Print the lines exactly. Start at the first line of the material below, end with the line that contains "The San Pedro", and skip all pictures.
###
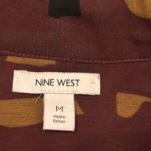 Nine West Burgundy and Tan Patterned Women's Button Down Sheet Shirt
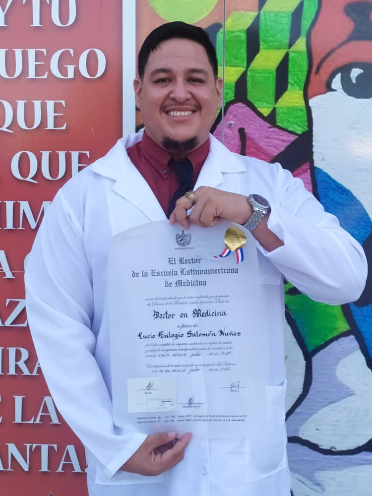 The San Pedro Sun joins the island community in congratulating one of its own, Dr. Lucio Eulogio Salomón Núñez. On Thursday, July 16th, Nuñez graduated from Escuela Latinoamericana de Medicina (Latin American School of Medicine/ELAM) as a general practitioner. He and seven other graduates have been bestowed with the honorable title of Doctor after years of study.
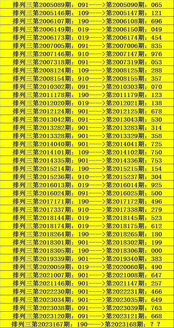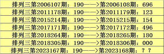 第2023167期排列三奖号为190,历史上该号码直选出现7次,下期奖号分别为:696、123、154、496、180、000。
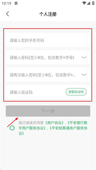 4、在個人注冊界面,依次填寫信息,勾選協(xié)議后點擊下一步完成注冊。
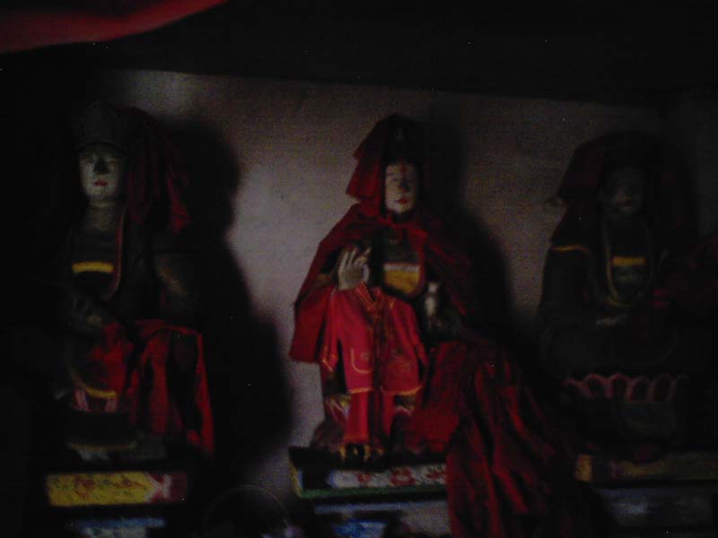 往右走一些,就是几尊观音菩萨。她们每个都是手拿红绸,比起当中那几尊神像,她们稍稍要矮一点。
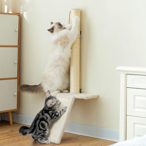 Wall-Mounted Cat Scratching Post – Space-Saving Sisal Scratcher with Ramp & Perch
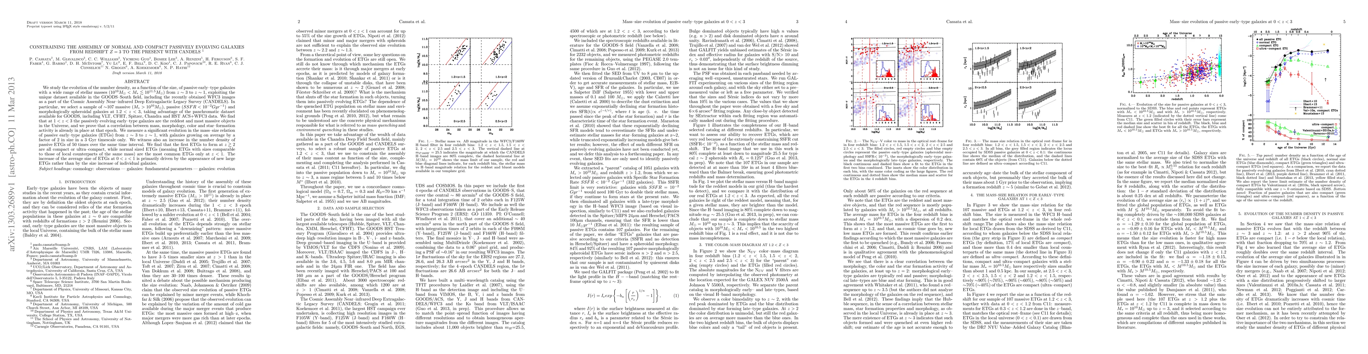 This study examines the evolution of passive early-type galaxies from redshift z=3 to the present using the CANDELS dataset, finding significant growth in size and number density over time. It reveals a correlation between mass, morphology, color, and star-formation activity, with compact galaxies dominating at higher redshifts.
###
EXERCISE SOLUTION
 Nine West Burgundy and Tan Patterned Women's Button Down Sheet Shirt
 The San Pedro Sun joins the island community in congratulating one of its own, Dr. Lucio Eulogio Salomón Núñez. On Thursday, July 16th, Nuñez graduated from Escuela Latinoamericana de Medicina (Latin American School of Medicine/ELAM) as a general practitioner. He and seven other graduates have been bestowed with the honorable title of Doctor after years of study.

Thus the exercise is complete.